今後もおそらく労働関連法の改正が続くことが予想されます。


例えば、平成27年から国会で「労働基準法」についての改正案が審議されています。


具体的には、


> 「高度プロフェッショナル制度」で一定の年収要件(少なくとも1,000万円以上)を満たす労働者が、高度な専門的知識が必要な業務に従事する場合に、本人の同意や委員会の決議などを要件として、労働時間外、休日、深夜の割増賃金等の規定を適用除外とすること。


> 既に大企業に適用している月60時間を超える時間外労働に関する割増賃金率(50%以上)について、中小企業への猶予措置を廃止すること。

> 年次有給休暇の取得促進のために、使用者は、年10日以上の年次有給休暇が付与される労働者に対し、そのうちの5日について、毎年、時季を指定して与えなければならないこととすること。

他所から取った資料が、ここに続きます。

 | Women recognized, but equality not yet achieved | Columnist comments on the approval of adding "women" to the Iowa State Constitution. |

> フレックスタイム制の「清算期間」の上限を1か月から3か月に延長する。併せて、1か月当たりの労働時間が過重にならないよう、1週平均50時間を超える労働時間については、当該月における割増賃金の支払い対象とすること。


などについて検討を進めているそうです。


また、平成28年11月28日に公布され、1年以内に施行されることになっている「外国人の技能実習の適正な実施及び技能実習生の保護に関する法律」では


多くの事業場で働く外国人技能実習生の「技能実習の適正な実施」および「技能実習生の保護」を図ることを目的としています。


それ以外にも、三六協定の上限時間や「同一労働同一賃金」に関するいくつかの法案についても検討しているようです。

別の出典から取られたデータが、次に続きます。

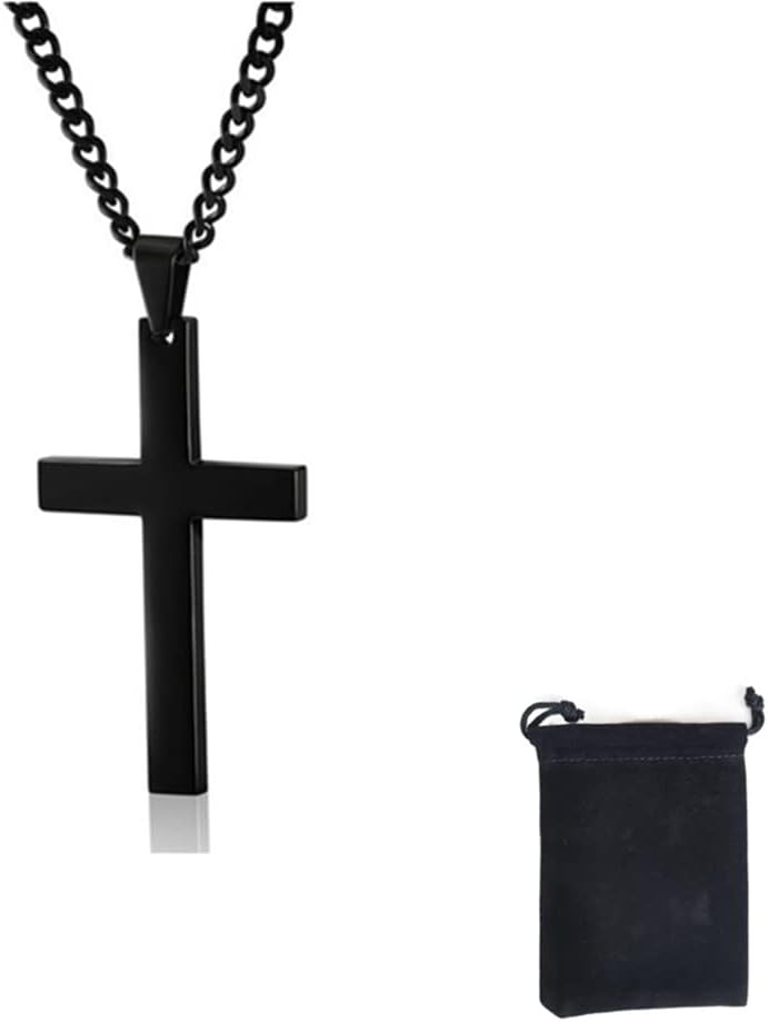 Jilukibo Black Stainless Steel Christian Religious Cross Pendant Necklace with 24 Inch Chain, Faithful Jewelry Simple Cross Necklace for Men

労働に関する問題は、現在、社会の関心のある最も大きな話題のひとつだと思います。


どれも簡単に解決できるものではありませんが、法律改正で本当に良い方向に変わるかどうか、これからもしっかりと追っていくことは大事だと思います。


皆様も、身近に関わることだと思いますので、これからも是非、労働関連法について関心を持ち続けてください。